Collection entries:
*** Block opens ***
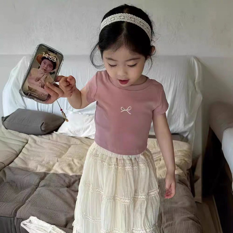 소녀 활 백리스 티셔츠 여름 새로운 어린이 활 반팔 아기 스타일 캐주얼 탑스토어 가기
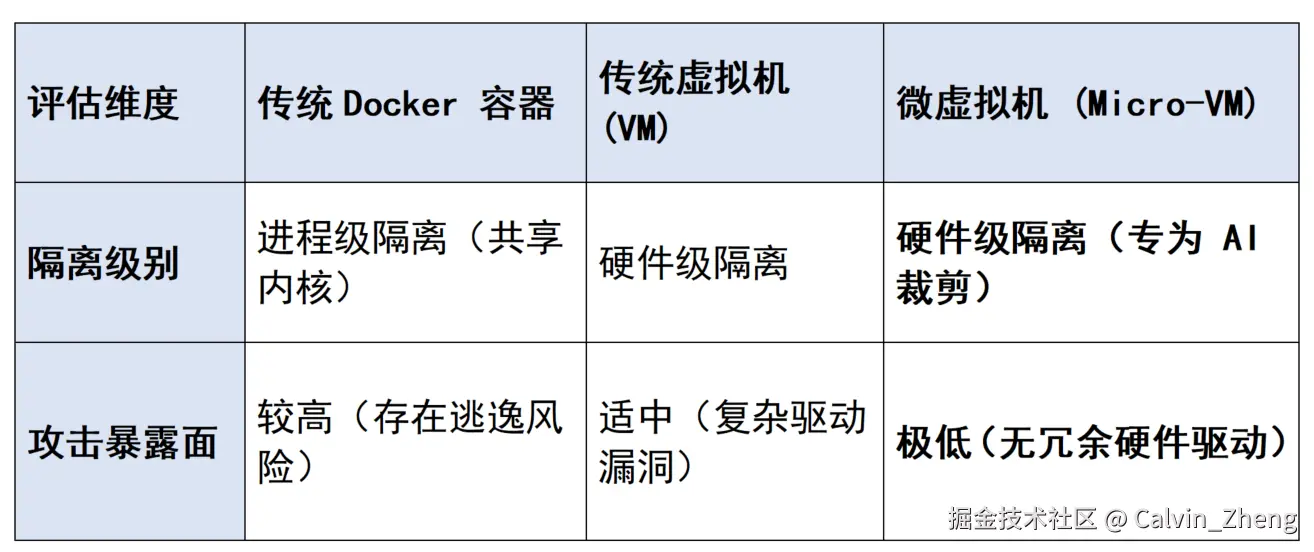 传统的容器技术虽然启动速度快,但其本质是共享宿主机内核的进程隔离,一旦发生容器逃逸,风险可能直接扩散到宿主系统。传统虚拟机能够提供硬件级隔离,但启动时间较长,在Agent场景中往往效率不足。
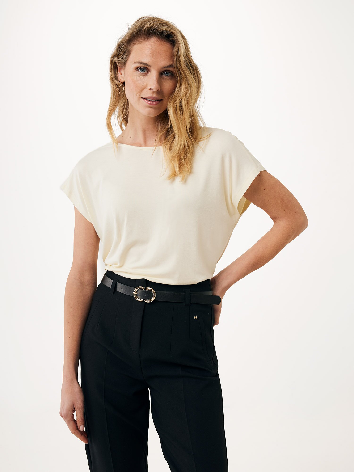Deze verfijnde top in een zachte roomkleur is gemaakt van viscose en elastaan, wat zorgt voor comfortabel draaggemak. De V-rug voegt een subtiel en stijlvol element toe dat perfect is voor een casual look met een moderne twist. Deze top is een ideale keuze voor verschillende gelegenheden. Combineer hem bijvoorbeeld met een zwarte high-waist broek voor een elegante uitstraling. Bekijkonze dameskledingvoor bijpassende items.
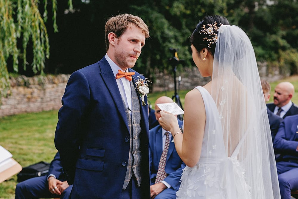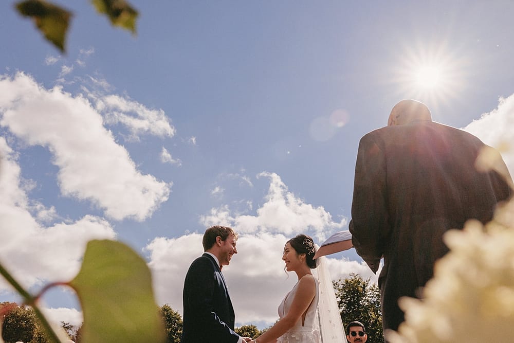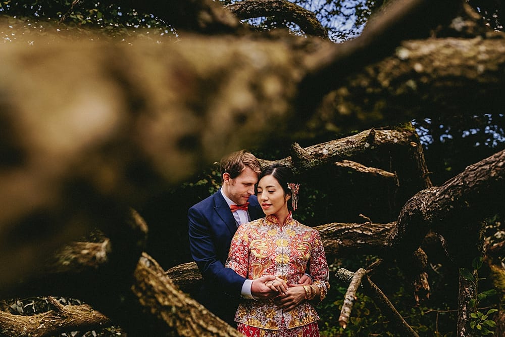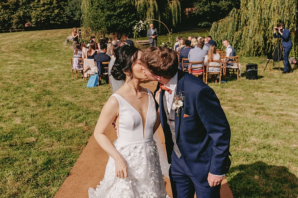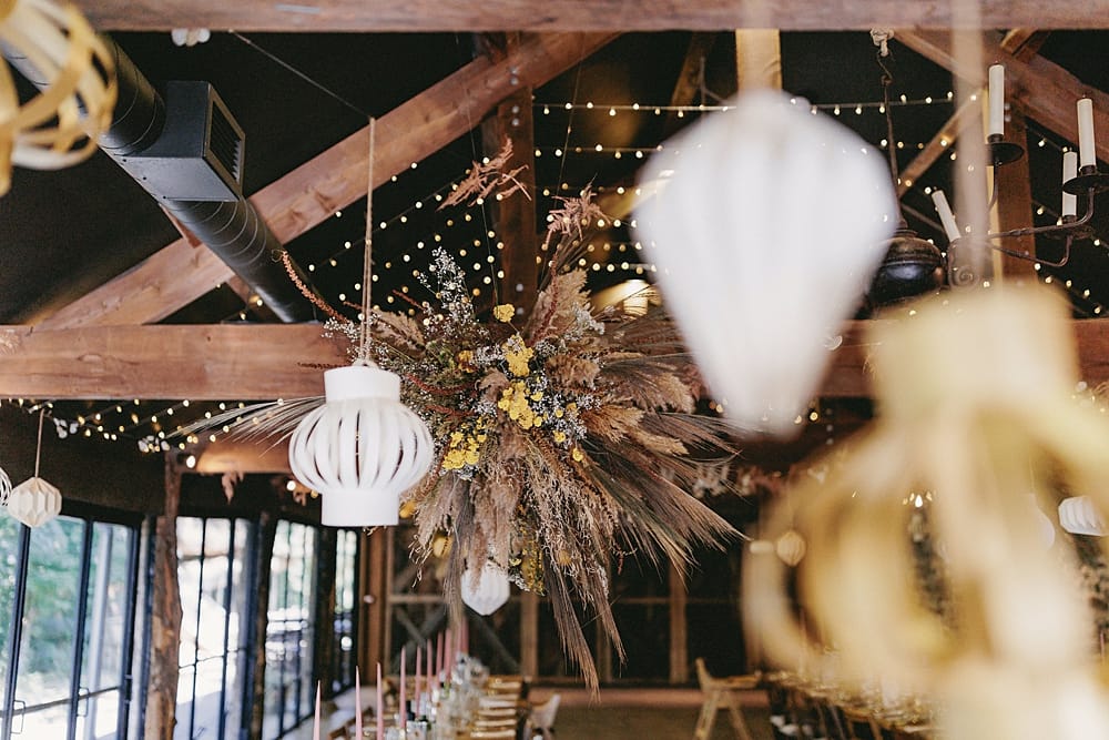Clementine Moon was our chosen florist. The ceremony took place outdoors by the lake and the wedding breakfast at the Wainhouse Barn. Our vision was to have some large foliage/ floral installations suspended in the Barn. As for the ceremony space, we wanted a moon gate to represent our union of bringing two families together. As our wedding landed on the day of the Mid-autumn festival, a time when Chinese families come together under a full moon and dine together, the moon gate just seems the most perfect backdrop for our marriage.
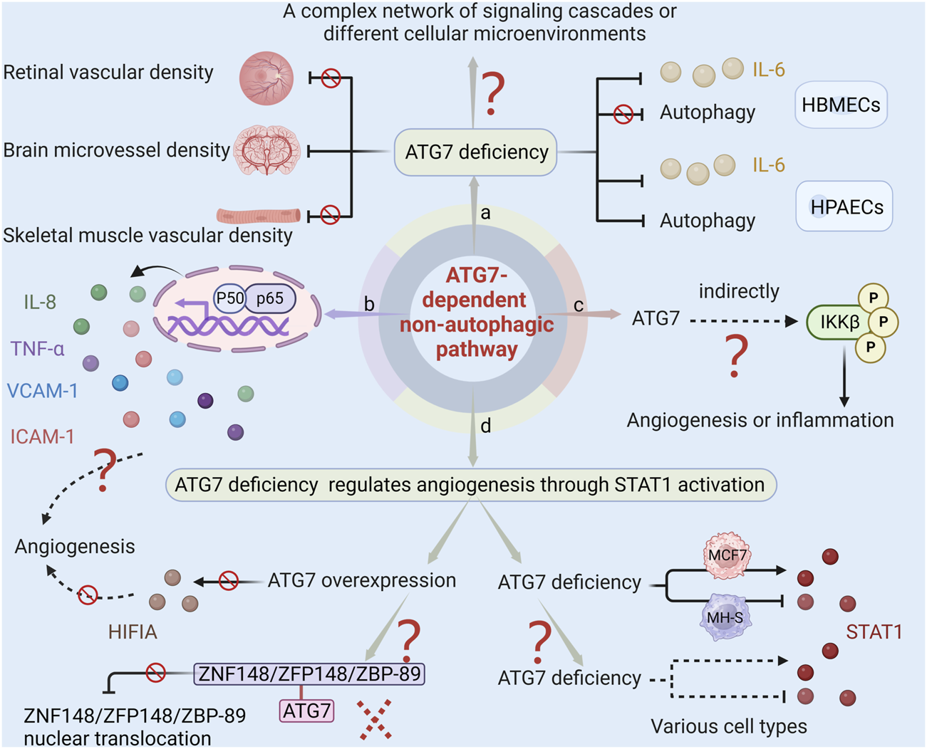 The current issues regarding ATG7-dependent non-autophagic pathway. (a) ATG7 deficiency inhibits both lipopolysaccharide-induced IL-6 production and autophagy in HPAECs. However, in HBMECs, ATG7 deficiency impacts IL-6 production without affecting the process of autophagy. Moreover, EC-specific ATG7 knockout significantly reduces brain microvessel density but does not affect skeletal muscle or retinal vascular density. These phenomena may be caused by ATG7-induced complex networks of signaling cascades or by different cellular microenvironments. (b) Given that IL-8, TNF-α, VCAM-1, and ICAM-1 in the NF-κB pathway play a role in angiogenesis, and ATG7 deletion inhibits angiogenesis by regulating NF-κB activity. It can therefore be conjectured that other cytokines may also be involved in the regulation of neovascularization by ATG7. (c) Since ATG7 lacks a kinase domain, and some protein kinases such as NIK, AKT, MEKK, COT/TPL-2, and TAK1 can phosphorylate IKK, it is speculated that ATG7 indirectly regulates the phosphorylation of IKKβ, which subsequently affects the release of inflammatory cytokines and angiogenesis. (d) There are two unanswered questions regarding the study of ATG7 deficiency activating STAT1 to regulate angiogenesis. One is that ATG7 overexpression has no significant effect on HIFIA levels and tube formation. This could be because ATG7 overexpression does not increase the association between ZNF148/ZFP148/ZBP-89 and ATG7, so it cannot reduce the nuclear translocation of ZNF148/ZFP148/ZBP-89, nor can it reduce STAT1 expression and promote HIF1A expression. The other is that ATG7 deficiency inhibits STAT1 activation in MH-S and induces STAT1 expression in MCF7. Whether the regulation of STAT1 by ATG7 in various cells is consistent with the observation that ATG7 deficiency promotes STAT1 expression in ECs remains unclear.
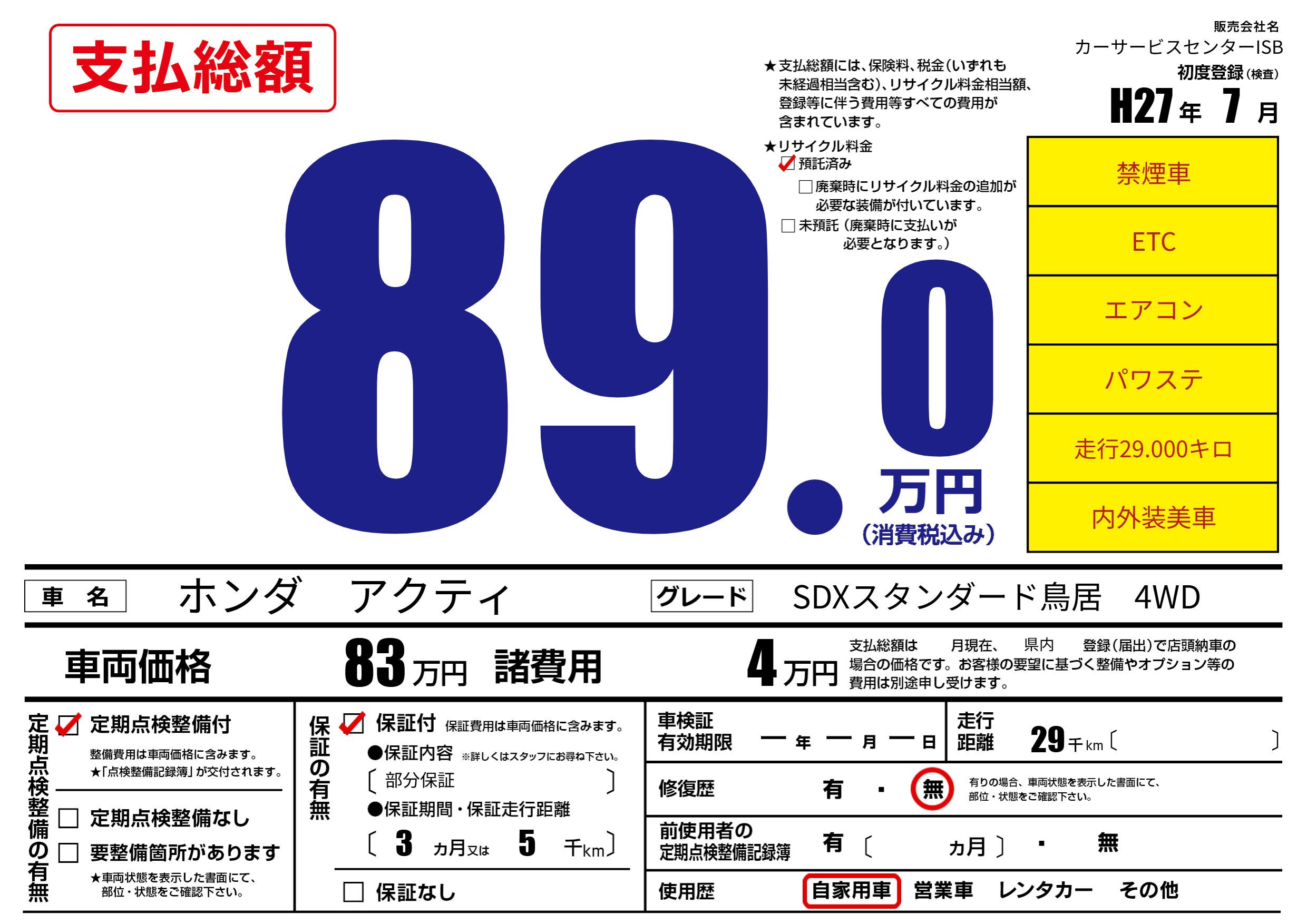 | 車名 | ホンダ アクティ | グレード ミッション 排気量 |
*** Block closes ***
**Task statement:**
For every entry above, write it out exactly and remove any image.

**Result of the task:**
 소녀 활 백리스 티셔츠 여름 새로운 어린이 활 반팔 아기 스타일 캐주얼 탑스토어 가기
 传统的容器技术虽然启动速度快,但其本质是共享宿主机内核的进程隔离,一旦发生容器逃逸,风险可能直接扩散到宿主系统。传统虚拟机能够提供硬件级隔离,但启动时间较长,在Agent场景中往往效率不足。
Deze verfijnde top in een zachte roomkleur is gemaakt van viscose en elastaan, wat zorgt voor comfortabel draaggemak. De V-rug voegt een subtiel en stijlvol element toe dat perfect is voor een casual look met een moderne twist. Deze top is een ideale keuze voor verschillende gelegenheden. Combineer hem bijvoorbeeld met een zwarte high-waist broek voor een elegante uitstraling. Bekijkonze dameskledingvoor bijpassende items.
Clementine Moon was our chosen florist. The ceremony took place outdoors by the lake and the wedding breakfast at the Wainhouse Barn. Our vision was to have some large foliage/ floral installations suspended in the Barn. As for the ceremony space, we wanted a moon gate to represent our union of bringing two families together. As our wedding landed on the day of the Mid-autumn festival, a time when Chinese families come together under a full moon and dine together, the moon gate just seems the most perfect backdrop for our marriage.
 The current issues regarding ATG7-dependent non-autophagic pathway. (a) ATG7 deficiency inhibits both lipopolysaccharide-induced IL-6 production and autophagy in HPAECs. However, in HBMECs, ATG7 deficiency impacts IL-6 production without affecting the process of autophagy. Moreover, EC-specific ATG7 knockout significantly reduces brain microvessel density but does not affect skeletal muscle or retinal vascular density. These phenomena may be caused by ATG7-induced complex networks of signaling cascades or by different cellular microenvironments. (b) Given that IL-8, TNF-α, VCAM-1, and ICAM-1 in the NF-κB pathway play a role in angiogenesis, and ATG7 deletion inhibits angiogenesis by regulating NF-κB activity. It can therefore be conjectured that other cytokines may also be involved in the regulation of neovascularization by ATG7. (c) Since ATG7 lacks a kinase domain, and some protein kinases such as NIK, AKT, MEKK, COT/TPL-2, and TAK1 can phosphorylate IKK, it is speculated that ATG7 indirectly regulates the phosphorylation of IKKβ, which subsequently affects the release of inflammatory cytokines and angiogenesis. (d) There are two unanswered questions regarding the study of ATG7 deficiency activating STAT1 to regulate angiogenesis. One is that ATG7 overexpression has no significant effect on HIFIA levels and tube formation. This could be because ATG7 overexpression does not increase the association between ZNF148/ZFP148/ZBP-89 and ATG7, so it cannot reduce the nuclear translocation of ZNF148/ZFP148/ZBP-89, nor can it reduce STAT1 expression and promote HIF1A expression. The other is that ATG7 deficiency inhibits STAT1 activation in MH-S and induces STAT1 expression in MCF7. Whether the regulation of STAT1 by ATG7 in various cells is consistent with the observation that ATG7 deficiency promotes STAT1 expression in ECs remains unclear.
 | 車名 | ホンダ アクティ | グレード ミッション 排気量 |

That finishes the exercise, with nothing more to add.